Introduction: Rilmenidine is a widely used centrally acting antihypertensive agent. Its antihypertensive
action is due to stimulation of central I1-imidazoline receptor/α2-adrenoceptor. Since
our previous experiments showed that activation of central α2-adrenoceptors resulted
in gastroprotective effect against different types of gastric mucosal damage we aimed
to examine the effect of rilmenidine on experimental gastric ulcer.
Methods: Gastric damage was induced by ethanol. Rilmenidine was injected either intraperitoneally
(ip.) or intracerebroventricularly (icv.) 20 and 10min resp., before the ethanol challenge.
The degree of gastric damage was estimated macroscopically and characterised by ulcer
index (calculated form the number and severity of gastric mucosal lesion). Gastric
acid secretion was measured in pylorus ligated rats, the volume and acidity was measured
4h after ligation. The antagonists were injected icv. 10min before rilmenidine administration.
Results: Rilmenidine inhibited the ethenol-induced lesion given ip. (ED50: 2 nmol/kg) or icv.
(ED50: 0.006 nmol/rat).

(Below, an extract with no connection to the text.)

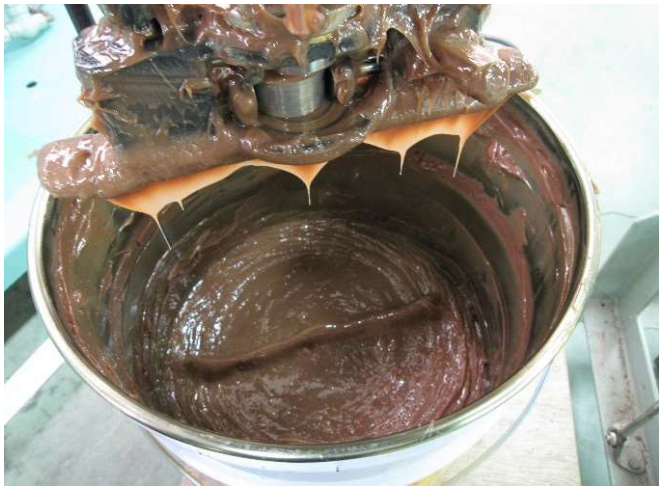
● Agitator blade levels the surface of grease.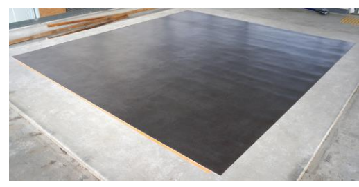
Test specimen installed in the laboratory for testing.

In both cases the dose-response curves proved to be bell-shaped.
Involvement of alpha-2 adrenoceptors was suggested by the antagonistic effect of yohimbine
(50 nmol/rat icv.) as well as prazosin (5 nmol/rat icv.) and ARC 239 (50 nmol/rat
icv.) (alpha-2B adrenoceptor antagonists). The involvement of endogenous opioid system
was suggested by the findings that both naloxone (5 nmol/rat icv.; µ-antagonist),
naltrindole (5 nmol/rat icv. δ-antagonist) and norbinaltorphimine (27 nmol/rat icv.;
κ-opioid receptor antagonists) highly reduced the gastro-protective effect of rilmenidine.

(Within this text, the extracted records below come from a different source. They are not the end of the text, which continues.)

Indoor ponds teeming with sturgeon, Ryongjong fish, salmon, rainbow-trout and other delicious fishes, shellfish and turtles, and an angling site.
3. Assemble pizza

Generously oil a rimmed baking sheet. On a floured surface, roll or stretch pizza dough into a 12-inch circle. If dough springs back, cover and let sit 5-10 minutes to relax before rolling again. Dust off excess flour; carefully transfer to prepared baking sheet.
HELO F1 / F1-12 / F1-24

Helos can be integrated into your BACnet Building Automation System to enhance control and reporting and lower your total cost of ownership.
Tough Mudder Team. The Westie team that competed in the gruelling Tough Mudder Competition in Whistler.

Furthermore, rilmenidine even in the dose of 210 nmol/rat icv. failed to affect gastric
acid secretion.
Conclusion: The centrally acting antihypertensive agent rilmenidine induces gastric mucosal protection.
The gastroprotective dose range (2–10 nmol/rat ip) is far below its antihypertensive
one (200–400 nmol/kg iv). The centrally-induced protective effect involves activation
of α2B-adrenoecptor subtypes as well as opioid system. It might be raised that antihypertensive
therapy with rilmenidine may exert beneficial action on gastric mucosa – though further
studies are needed in human beings to demonstrate the mucosal protective effect of
rilmenidine.
The work was supported by grant ETT 389/2003.